Had he wanted to protest her being absent from his bed?
It gave her morning mood a little happy jolt. “I do enjoy all the nuptial hoopla. Shay and Poppy are so excited about their upcoming weddings. London, too.”
“Mmm,” he said, bringing his mug to his mouth. Then he set it down on the counter and looked at her with narrowed eyes. “I thought you weren’t a bridal enthusiast. You said you didn’t believe in happy-ever-afters.”
She shrugged. “I said I didn’t believe my parents’ marriages would ever last. As for my attitude toward weddings themselves...it’s pretty hard to be scornful when your sisters are spinning with delight over the idea of getting hitched to their men.”
“Jace is the same,” Brett said. “Shay was thinking of a spring or summer wedding and he’s unwilling to wait that long.”
“Poppy said Ryan’s threatening to kidnap her for an elopement. He wants to be her husband now.”
Brett took a swallow of his coffee. “That’s kind of nauseating.”
“Oh, you!”
“Has anyone told you you’re a brilliant conversationalist in the morning?”
Well, he’d sure woken up. Angelica crossed her arms over her chest. “Admit this. You were thrilled to be asked to walk Poppy down the aisle.”
“I’m the oldest. Mom taught me I had to let the younger ones get their way once in a while.”
“You’re just being a curmudgeon to maintain your rep.”
“What rep is that?”
Angelica grabbed her purse from the counter and sorted through the items inside. Keys, wallet, phone. Glancing over at the clock, she realized she only had a few more spare minutes.

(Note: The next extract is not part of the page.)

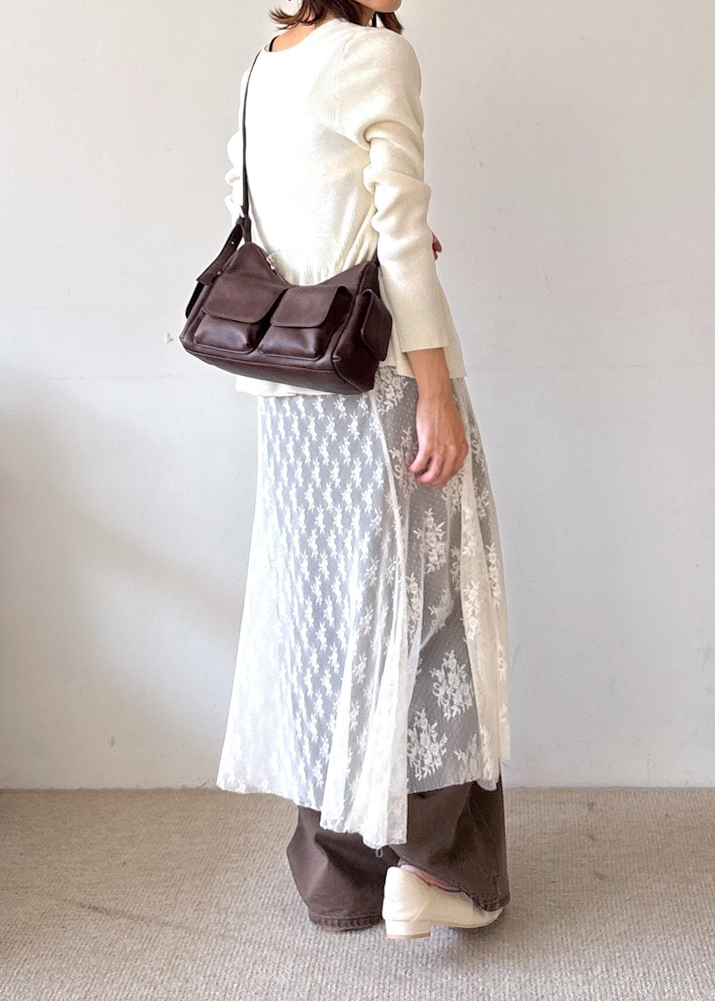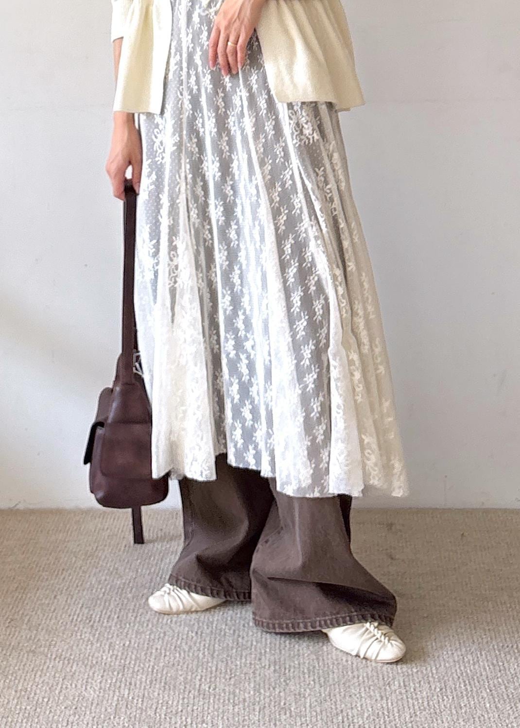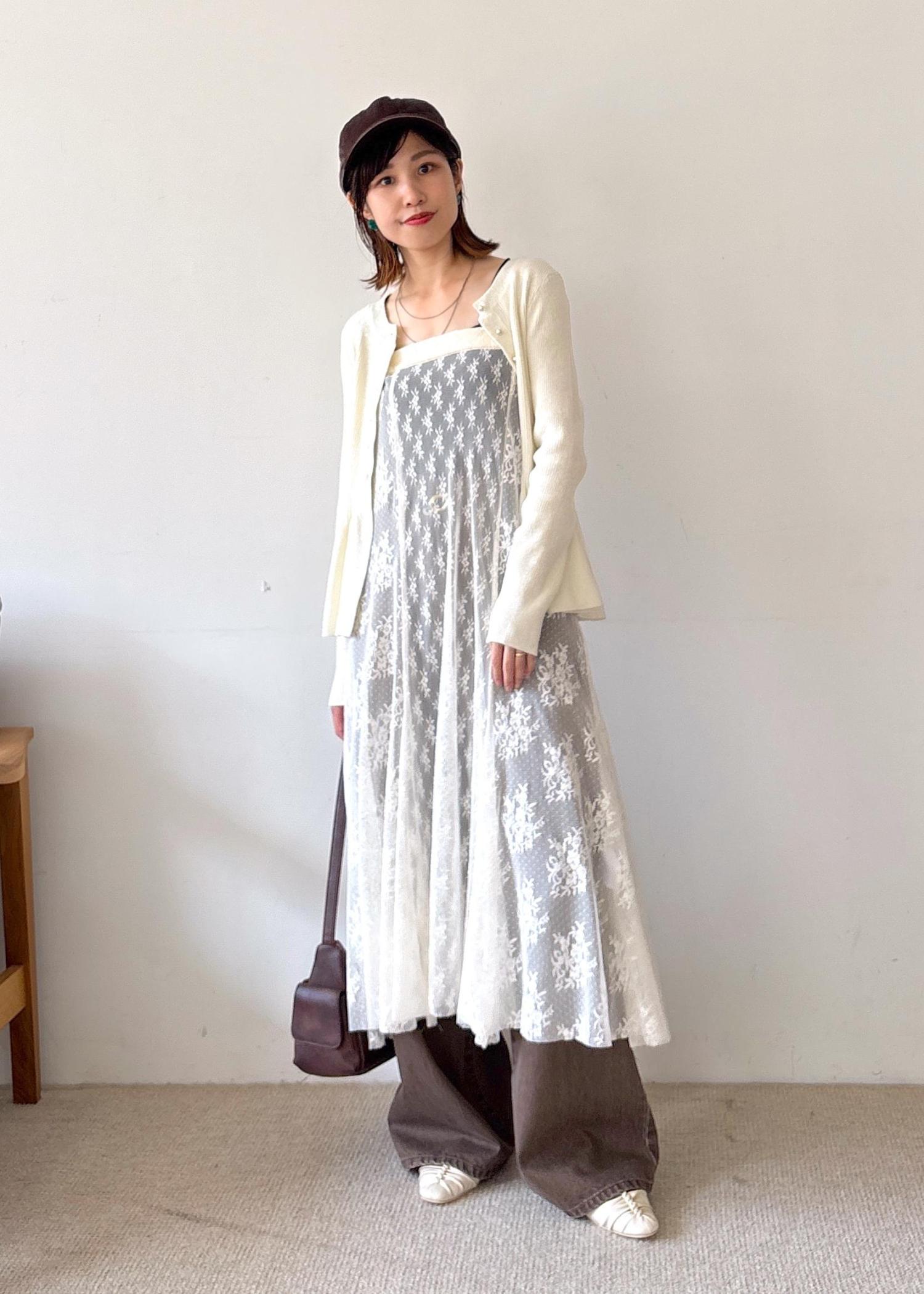 ふわっと柔らかなペプラムカーディガンとレースのスカートをワンピース風に、デニムとレイヤードした秋のカジュアルスタイル♪まだ汗ばむ季節だけど、カラーや小物で秋要素を入れると季節の変わり目に印象が変えられてオススメです。秋に向けてお出かけにぴったりな大人カジュアルコーデ。

“Angelica? What rep is that?”
“Dyed-in-the-wool bachelor. Guy stubbornly clinging to the idea that a single life is best.”
“I am a dyed-in-the-wool bachelor—which by the way sounds like someone wearing a Mr. Rogers sweater. And while I wouldn’t say I’m stubbornly clinging, I do think the single life is best.”
“Knee-jerk,” she said with a dismissive wave.
“What’s that supposed to mean?” he said, now sounding not only awake, but grouchy.
“Blanket statements about how being single is best are ridiculous. They’re knee-jerk remarks from the bachelor sans a sweater.”
“Okay,” he said, eyes narrowed. “I’ll qualify it. The single life is best for me.”
He was looking increasingly peeved and she was feeling a bit irritated herself. “How can you say that? Maybe you just haven’t found the right woman yet.” Oops. That sounded a bit too plaintive. “What I mean is, there are your sisters, with two of the best men on the planet panting to be their partners. Don’t you think they’ll be happy together?”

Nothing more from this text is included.